## Provided material:
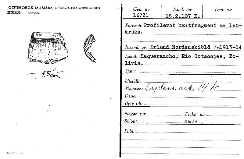 • GOTEBORGS MUSEUM, ETNOGRAFISKA AVDELNINGEN XraNgt. ARKEOL. Gen. n:r . • 16731 Saml. n:r 15.2.107 E. Dep. n:r Föremål: Pro.filerat...kantfragment...av....lerT kruka. Insaml. av.'..Erland...Nordenakikad... Visa hela
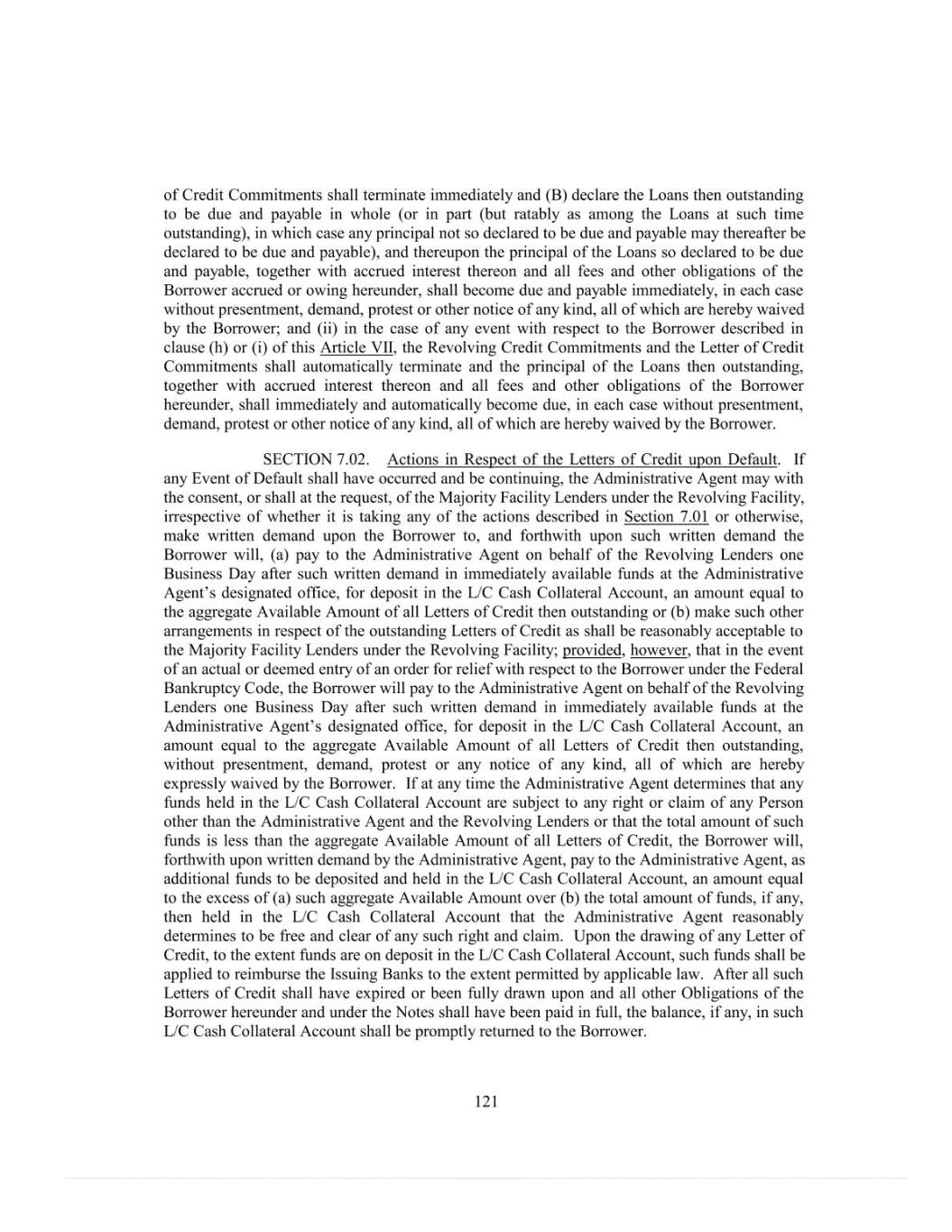 of Credit Commitments shall terminate immediately and (B) declare the Loans then outstanding to be due and payable in whole (or in part (but ratably as among the Loans at such time outstanding), in which case any principal not so declared to be due and payable may thereafter be declared to be due and payable), and thereupon the principal of the Loans so declared to be due and payable, together with accrued interest thereon and all fees and other obligations of the Borrower accrued or owing hereunder, shall become due and payable immediately, in each case without presentment, demand, protest or other notice of any kind, all of which are hereby waived by the Borrower; and (ii) in the case of any event with respect to the Borrower described in clause (h) or (i) of this Article VII, the Revolving Credit Commitments and the Letter of Credit Commitments shall automatically terminate and the principal of the Loans then outstanding, together with accrued interest thereon and all fees and other obligations of the Borrower hereunder, shall immediately and automatically become due, in each case without presentment, demand, protest or other notice of any kind, all of which are hereby waived by the Borrower. SECTION 7.02. Actions in Respect of the Letters of Credit upon Default. If any Event of Default shall have occurred and be continuing, the Administrative Agent may with the consent, or shall at the request, of the Majority Facility Lenders under the Revolving Facility, irrespective of whether it is taking any of the actions described in Section 7.01 or otherwise, make written demand upon the Borrower to, and forthwith upon such written demand the Borrower will, (a) pay to the Administrative Agent on behalf of the Revolving Lenders one Business Day after such written demand in immediately available funds at the Administrative Agent’s designated office, for deposit in the L/C Cash Collateral Account, an amount equal to the aggregate Available Amount of all Letters of Credit then outstanding or (b) make such other arrangements in respect of the outstanding Letters of Credit as shall be reasonably acceptable to the Majority Facility Lenders under the Revolving Facility; provided, however, that in the event of an actual or deemed entry of an order for relief with respect to the Borrower under the Federal Bankruptcy Code, the Borrower will pay to the Administrative Agent on behalf of the Revolving Lenders one Business Day after such written demand in immediately available funds at the Administrative Agent’s designated office, for deposit in the L/C Cash Collateral Account, an amount equal to the aggregate Available Amount of all Letters of Credit then outstanding, without presentment, demand, protest or any notice of any kind, all of which are hereby expressly waived by the Borrower. If at any time the Administrative Agent determines that any funds held in the L/C Cash Collateral Account are subject to any right or claim of any Person other than the Administrative Agent and the Revolving Lenders or that the total amount of such funds is less than the aggregate Available Amount of all Letters of Credit, the Borrower will, forthwith upon written demand by the Administrative Agent, pay to the Administrative Agent, as additional funds to be deposited and held in the L/C Cash Collateral Account, an amount equal to the excess of (a) such aggregate Available Amount over (b) the total amount of funds, if any, then held in the L/C Cash Collateral Account that the Administrative Agent reasonably determines to be free and clear of any such right and claim. Upon the drawing of any Letter of Credit, to the extent funds are on deposit in the L/C Cash Collateral Account, such funds shall be applied to reimburse the Issuing Banks to the extent permitted by applicable law. After all such Letters of Credit shall have expired or been fully drawn upon and all other Obligations of the Borrower hereunder and under the Notes shall have been paid in full, the balance, if any, in such L/C Cash Collateral Account shall be promptly returned to the Borrower. 121
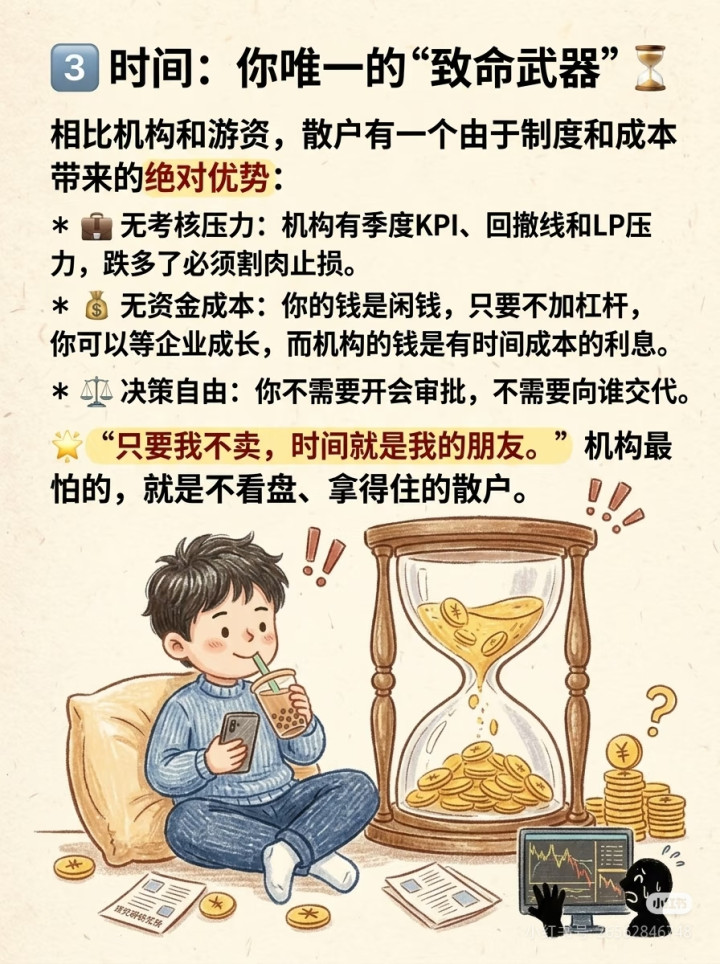 别慌,散户不是莫得上风,咱们有一个机构、量化始终比不了的齐全杀招:时分。

## Instructions for the task:
Repeat every line of the data exactly, but do not include pictures.

## Output of the task:
 • GOTEBORGS MUSEUM, ETNOGRAFISKA AVDELNINGEN XraNgt. ARKEOL. Gen. n:r . • 16731 Saml. n:r 15.2.107 E. Dep. n:r Föremål: Pro.filerat...kantfragment...av....lerT kruka. Insaml. av.'..Erland...Nordenakikad... Visa hela
 of Credit Commitments shall terminate immediately and (B) declare the Loans then outstanding to be due and payable in whole (or in part (but ratably as among the Loans at such time outstanding), in which case any principal not so declared to be due and payable may thereafter be declared to be due and payable), and thereupon the principal of the Loans so declared to be due and payable, together with accrued interest thereon and all fees and other obligations of the Borrower accrued or owing hereunder, shall become due and payable immediately, in each case without presentment, demand, protest or other notice of any kind, all of which are hereby waived by the Borrower; and (ii) in the case of any event with respect to the Borrower described in clause (h) or (i) of this Article VII, the Revolving Credit Commitments and the Letter of Credit Commitments shall automatically terminate and the principal of the Loans then outstanding, together with accrued interest thereon and all fees and other obligations of the Borrower hereunder, shall immediately and automatically become due, in each case without presentment, demand, protest or other notice of any kind, all of which are hereby waived by the Borrower. SECTION 7.02. Actions in Respect of the Letters of Credit upon Default. If any Event of Default shall have occurred and be continuing, the Administrative Agent may with the consent, or shall at the request, of the Majority Facility Lenders under the Revolving Facility, irrespective of whether it is taking any of the actions described in Section 7.01 or otherwise, make written demand upon the Borrower to, and forthwith upon such written demand the Borrower will, (a) pay to the Administrative Agent on behalf of the Revolving Lenders one Business Day after such written demand in immediately available funds at the Administrative Agent’s designated office, for deposit in the L/C Cash Collateral Account, an amount equal to the aggregate Available Amount of all Letters of Credit then outstanding or (b) make such other arrangements in respect of the outstanding Letters of Credit as shall be reasonably acceptable to the Majority Facility Lenders under the Revolving Facility; provided, however, that in the event of an actual or deemed entry of an order for relief with respect to the Borrower under the Federal Bankruptcy Code, the Borrower will pay to the Administrative Agent on behalf of the Revolving Lenders one Business Day after such written demand in immediately available funds at the Administrative Agent’s designated office, for deposit in the L/C Cash Collateral Account, an amount equal to the aggregate Available Amount of all Letters of Credit then outstanding, without presentment, demand, protest or any notice of any kind, all of which are hereby expressly waived by the Borrower. If at any time the Administrative Agent determines that any funds held in the L/C Cash Collateral Account are subject to any right or claim of any Person other than the Administrative Agent and the Revolving Lenders or that the total amount of such funds is less than the aggregate Available Amount of all Letters of Credit, the Borrower will, forthwith upon written demand by the Administrative Agent, pay to the Administrative Agent, as additional funds to be deposited and held in the L/C Cash Collateral Account, an amount equal to the excess of (a) such aggregate Available Amount over (b) the total amount of funds, if any, then held in the L/C Cash Collateral Account that the Administrative Agent reasonably determines to be free and clear of any such right and claim. Upon the drawing of any Letter of Credit, to the extent funds are on deposit in the L/C Cash Collateral Account, such funds shall be applied to reimburse the Issuing Banks to the extent permitted by applicable law. After all such Letters of Credit shall have expired or been fully drawn upon and all other Obligations of the Borrower hereunder and under the Notes shall have been paid in full, the balance, if any, in such L/C Cash Collateral Account shall be promptly returned to the Borrower. 121
 别慌,散户不是莫得上风,咱们有一个机构、量化始终比不了的齐全杀招:时分。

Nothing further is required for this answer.